No. It means that we need to ensure that environmental subsidies are directed from the public to the public good. It means that action of any kind should not be a political stunt that disguises the transfer of wealth from ordinary people to elites.
And when I say that, I think of Thames Water. I think of the many private equity schemes that have been destroying this country.
I hope that, amidst this climate of distractions, identity politics, rage bait, social media addiction, and the replacement of action with outrage, we can remind ourselves to be clear-eyed about what matters.
For me, that is a future for our family. For me, that is the protection of resources that we all should have access to, not just the privileged few.
For me, it means holding our politicians to account, and that means not looking at what they say, but paying attention to what they do for you.
What I mean by that is: ask yourself a simple question amidst the noise and the media rhetoric – what has meaningfully improved for you, your life, and your children, and is the noise of today a distraction or something that will materially move the needle for you your loved ones, your communities, and our country.

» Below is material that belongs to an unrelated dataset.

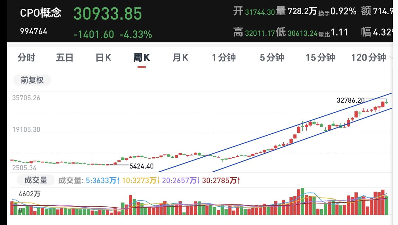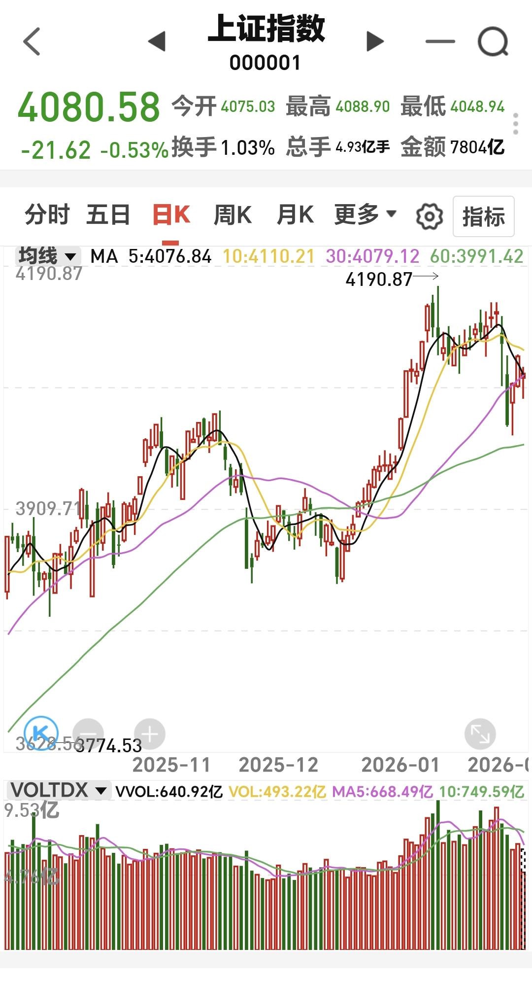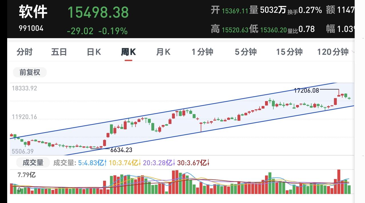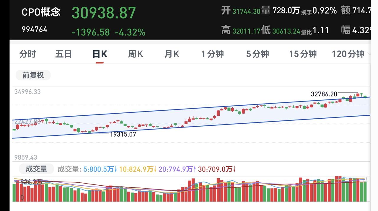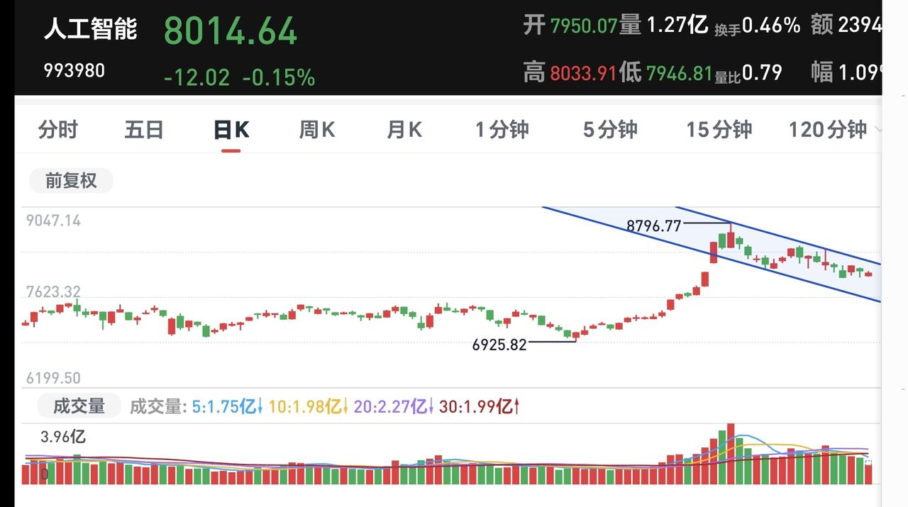 基金:究竟有没有春节红包行情 三大指数全部是探底回升,现在的下跌幅度大幅度缩小,创业板指下跌了1.24%,盘中点位3270点,上证指数下跌了0.58%,盘中点位3278点。 黄色线与蓝色线纠缠在一起,这样的情况下,很难判断收盘之前的涨跌,现在是勉强站在五天线之上,但并不能表明已经站稳,能不能收在五天线之上才是最重要的。 两市累计成交17947亿,相比于昨天同期缩量了11%,1800多家上涨,3400多家下跌,下跌家数超过了上涨家数,涨停51家,跌停24家,跌停家数超过了20家,主力资金净流出778亿。 看下面的截图5,这是AI应用板块日K线图,现在的位置处于这个下跌通道中,想进场的人需要耐心等待上涨突破下跌通道的上轨线,才可以考虑要不要进场。 看下面的截图6,这是AI应用板块周K线图,连续几周的下跌,但没有跌破上涨通道的下轨线,AI应用板块周线级别还是处于上涨趋势中,长线持有的人可以继续持有。 看下面的截图7,这是人工智能板块日K线图,现在的位置处于日线级别短期下跌通道中,既没有上涨突破下跌通道的上轨线,也没有下跌跌破下跌通道的下轨线。想进场的人也是需要耐心等待,只有突破了下跌通道的上轨线,才可以考虑要不要进场。 看下面的截图8,这是人工智能板块周K线图,现在的位置处于上涨通道中,人工智能板块周线级别处于上涨趋势中,长线持有的人可以继续持有。 看下面的截图9,这是cpo板块日K线图,今天的下跌又回到了上涨通道内,这也是上涨通道回归的走势,现在日线级别还是处于上涨趋势中,短线持有的人可以继续持有。 看下面的截图10,这是CPO板块周K线图,今天的大跌并没有跌破这个上涨通道的下轨线,cpo板块周线级别还是处于上涨趋势中,长线持有的人可以继续持有。 今天最大的问题还是成交量的问题,还是资金不愿意进场的问题,这是成交量连续第四天萎缩,这样的情况之下,还没有看到春节红包行情的可能性,什么时候看到资金大幅度进场,那个时候再观察有没有春节红包行情。 今天究竟应该怎么办?我会在评论区留言。 花一秒钟点赞,花30秒钟评论,就是对我最大的支持,谢谢大家的支持。

And I hope we see our politicians and our media illuminating that these disasters, including Epstein, deforestation, the rising cost of living, and war inflation, are properly addressed.
It means our politicians and our media start naming these disasters and these frauds not as witch-hunts for individuals but as symptoms of a broken system. We must start naming the systemic issues and moving towards addressing them.
To put it very simply, we must start with wealth inequality. Wealth inequality transfers power and centralises it in the hands of a few, who buy our politicians, who buy our media, who monopolise power, influence the use of violence, and erode democracy.
It means enriching a few, by taking from our children.
So let’s remind ourselves to not get distracted by rage bait and the feeling of outrage that replaces action and the calls to divide ourselves along the lines of contrived difference.
And, instead, lets stand together, stop wealth inequality and the transfer of power and resources from ordinary people to elites and demand our politicians fix the broken system to protect our children.